Records excerpted from a collection
»»
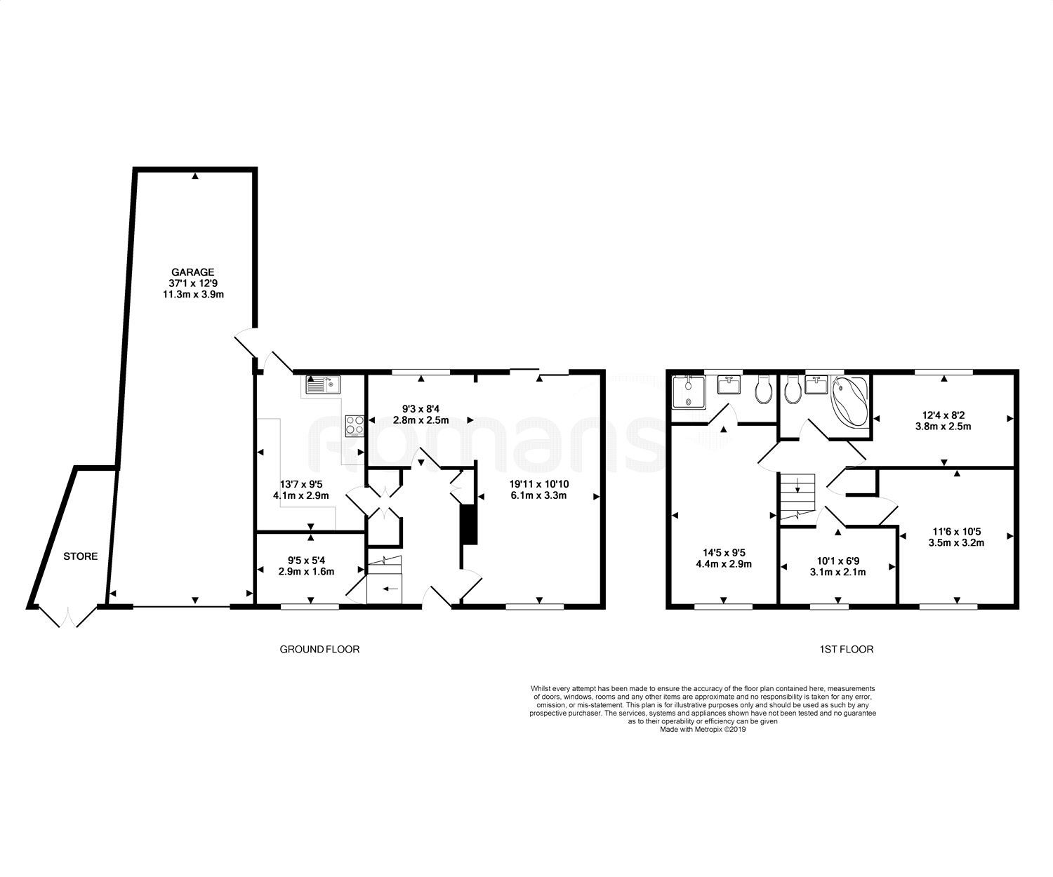 Front garden with driveway parking, double length garage with additional storage, rear garden
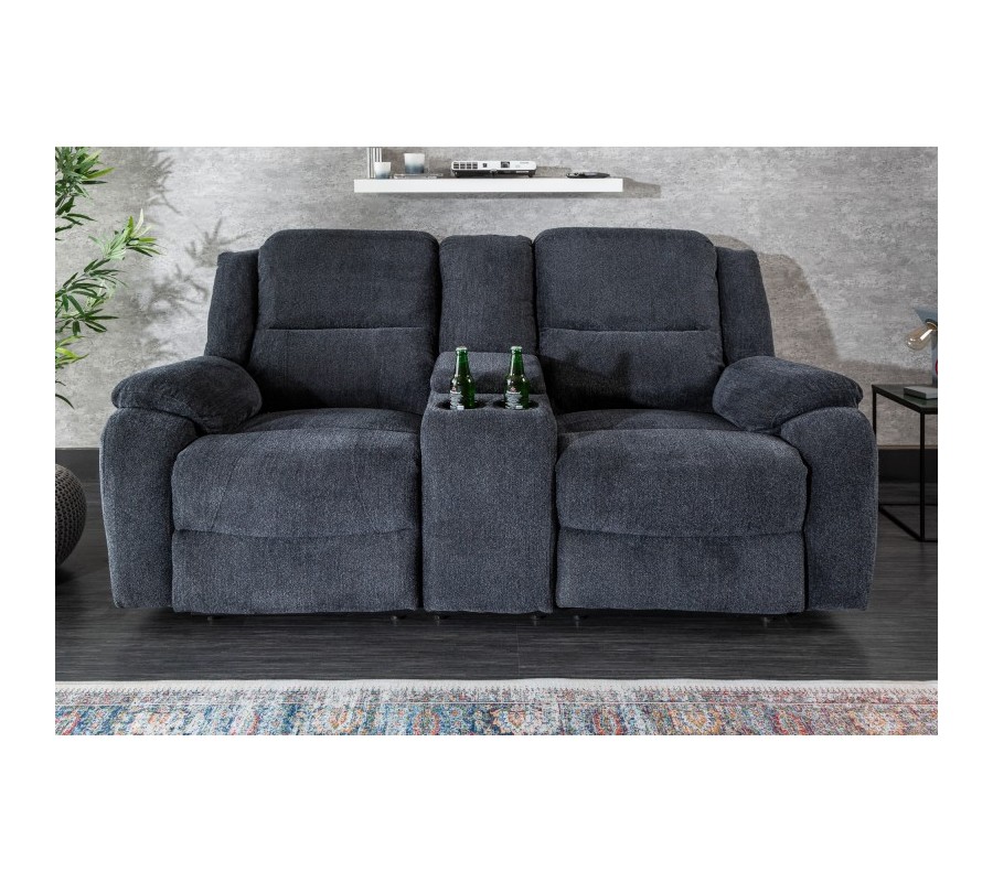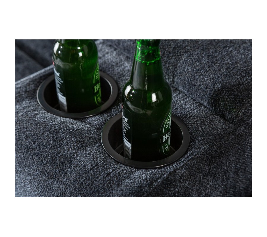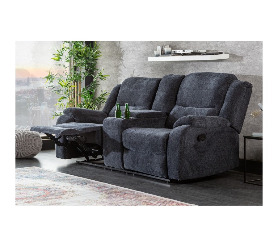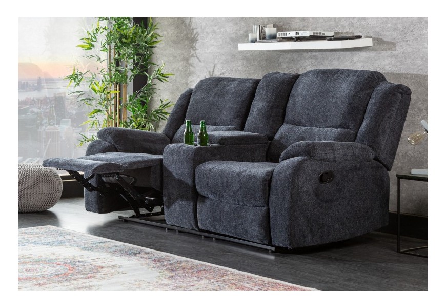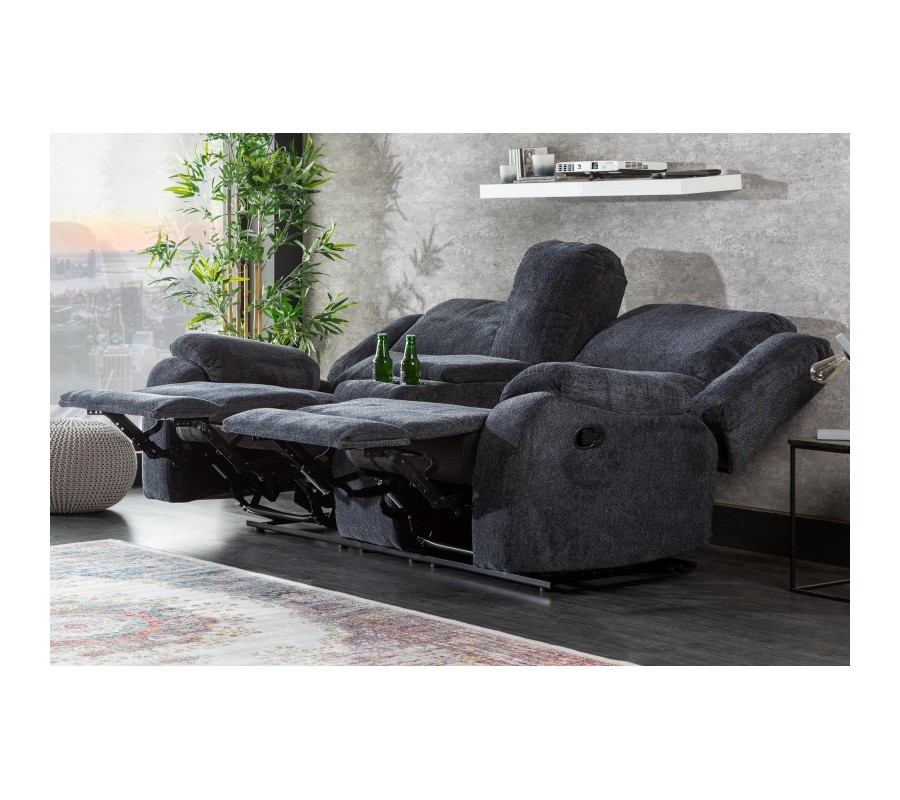 Moderné sivé polohovateľné kino dvojkreslo Phoenix s odkladacím priestorom na pohár 185cm
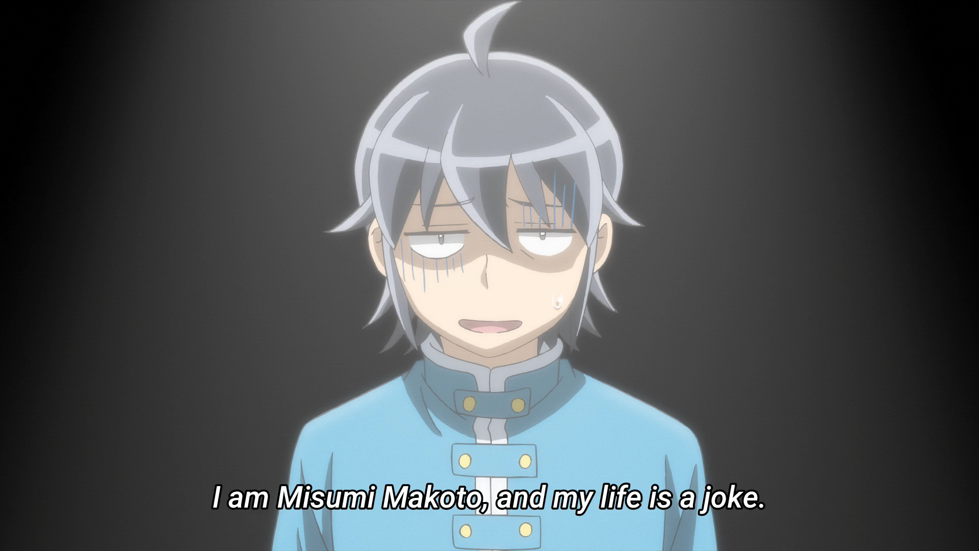 It hasn’t even been 5 minutes and I’m already on the floor laughing! The jab at the Isekai genre was great but then the “I am Misumi Makoto, and my life is a joke” line took me out! The last time I laughed this hard was when I watched KonoSuba for the first time! Mob characters aside, the artwork is pretty slick and I love Makoto’s expressions throughout this funny montage lol.
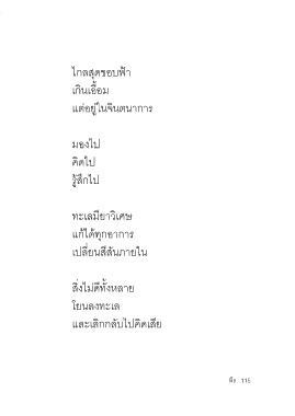 ไกลสุดขอบฟ้า เกินเอื้อม แต่อยู่ในจินตนาการ มองไป คิดไป รู้สึกไป ทะเลมียาวิเศษ แก้ได้ทุกอาการ เปลี่ยนสีสันภายใน สิ่งไม่ดีทั้งหลาย โยนลงทะเล และเลิกกลับไปคิดเสีย 115 114 พีร 115
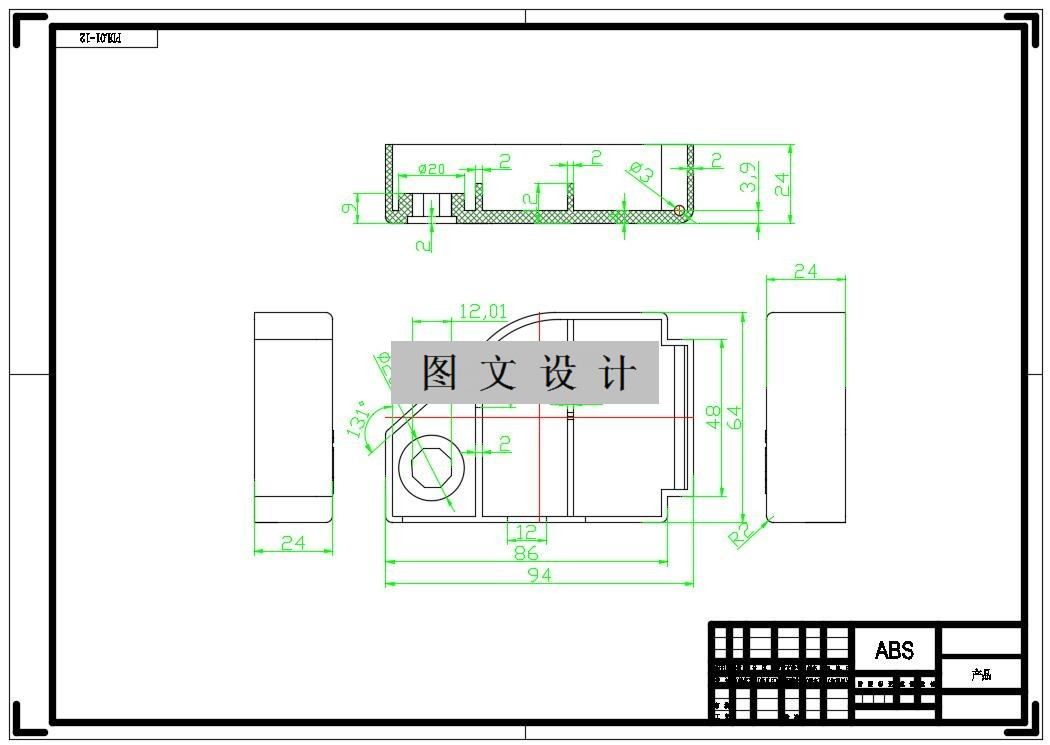 该产品设计为大批量生产,故设计的模具要有较高的注塑效率,浇注系统要能够自动脱模,此外为保证塑件表面质量采用侧浇口,因此选用单分型面注射模,侧浇口自动脱模结构。模具的型腔采用一模两腔平衡布置,浇注系统采用侧浇口成形,推出形式为四推杆推出机构完成塑件的推出。
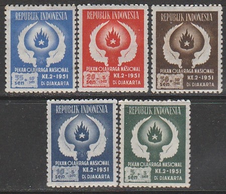 Индонезия 1951 год. Национальный спортивный фестиваль в Джакарте, 5 марок (наклейка)
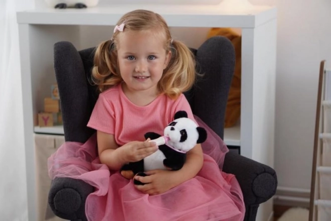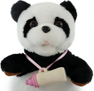 Als je het flesje wegneemt, laat de panda een aandoenlijk geluid horen dat kinderen motiveert tot meer interactie en zorg.
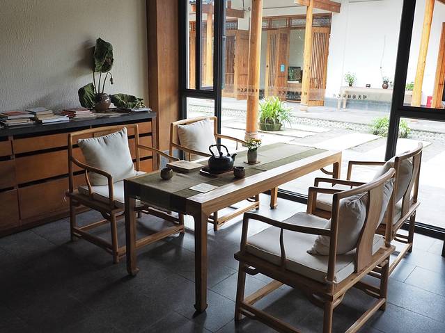 进入院子后,右手边是作品陈列区和休息区,处处都显得清新淡雅,让浮躁的心马上就安静了下来。
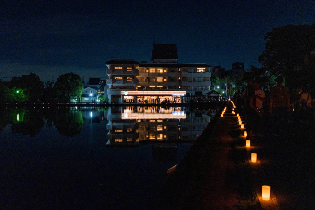 私は微妙で、この燈花会の雰囲気からして、もう少し照明を「間引き」しても良いような気がした。
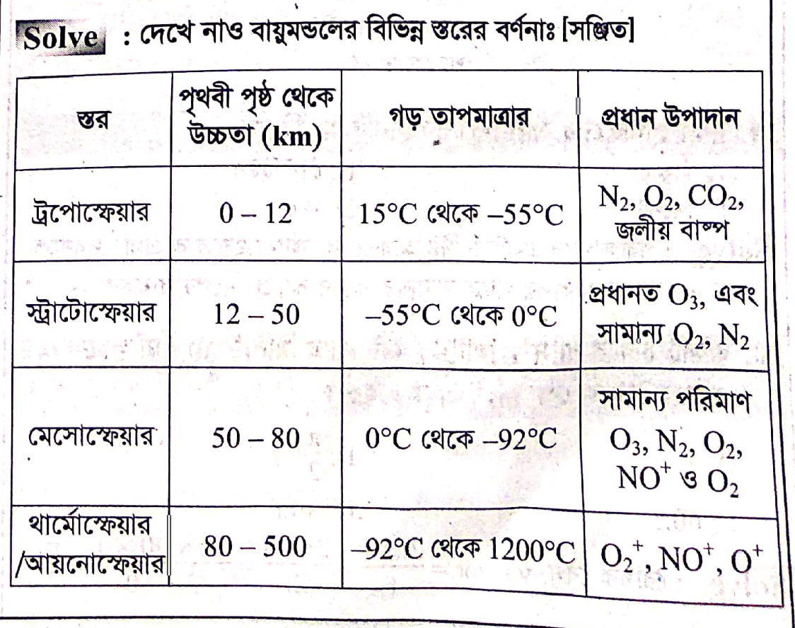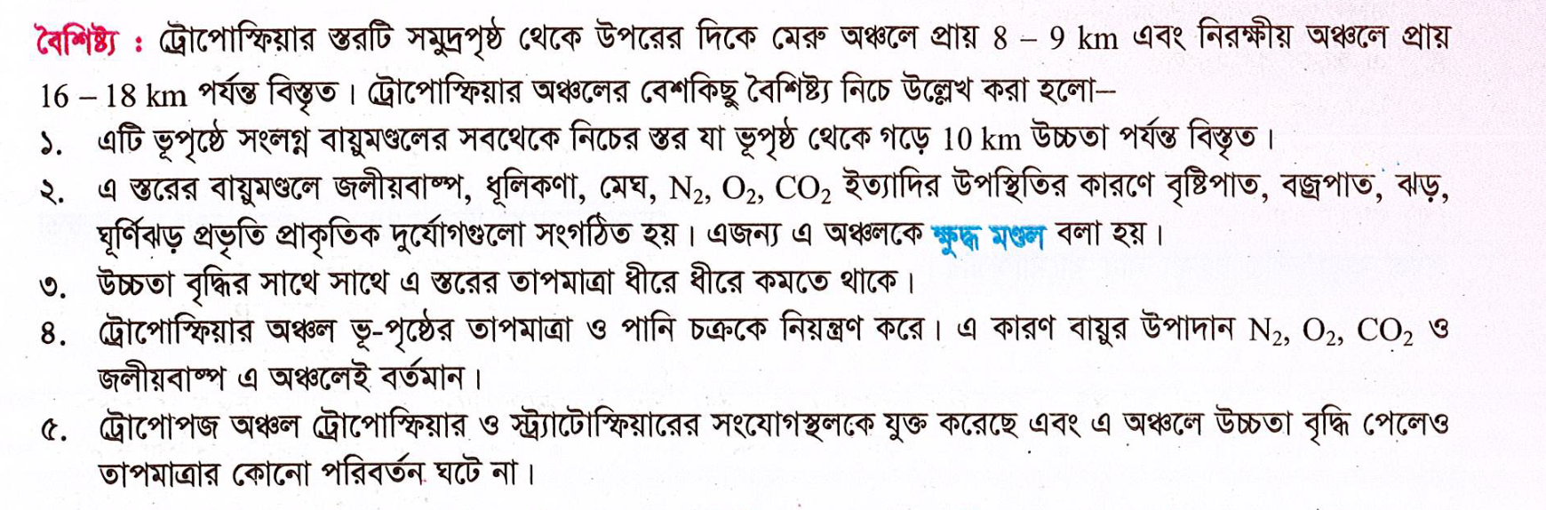 বায়ুমন্ডলের স্ট্র্যাটোস্ফিয়ার স্তরের মূল উপাদান কোনটি?
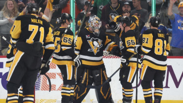 Pitsburgas "Penguins" spēlē līdzjutējs nogāžas no augšējā stāva
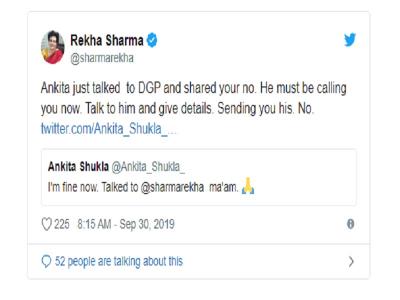 अंकिता के इस ट्वीट को राष्ट्रीय महिला आयोग ने भी रिट्वीट करते हुए लिखा, "अंकिता से हमारी बात हो गई है और उनसे जानकारियां मांगी गई हैं। उनके राज्य के डीजीपी से भी बात की गई है। हम अंकिता के साथ हैं, उन्हें इंसाफ जरूर मिलेगा।"
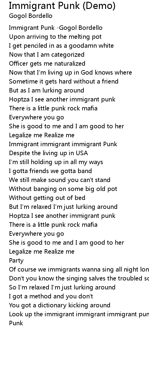 Look up the immigrant immigrant immigrant punk |
««
▶ TRY IT
Would you set down only the lines above from the line with "Als je het flesje" to the line with "বায়ুমন্ডলের স্ট্র্যাটোস্ফিয়ার স্তরের", both included, exactly as they stand and without the pictures?

▶ EXERCISE OUTPUT
 Als je het flesje wegneemt, laat de panda een aandoenlijk geluid horen dat kinderen motiveert tot meer interactie en zorg.
 进入院子后,右手边是作品陈列区和休息区,处处都显得清新淡雅,让浮躁的心马上就安静了下来。
 私は微妙で、この燈花会の雰囲気からして、もう少し照明を「間引き」しても良いような気がした。
 বায়ুমন্ডলের স্ট্র্যাটোস্ফিয়ার স্তরের মূল উপাদান কোনটি?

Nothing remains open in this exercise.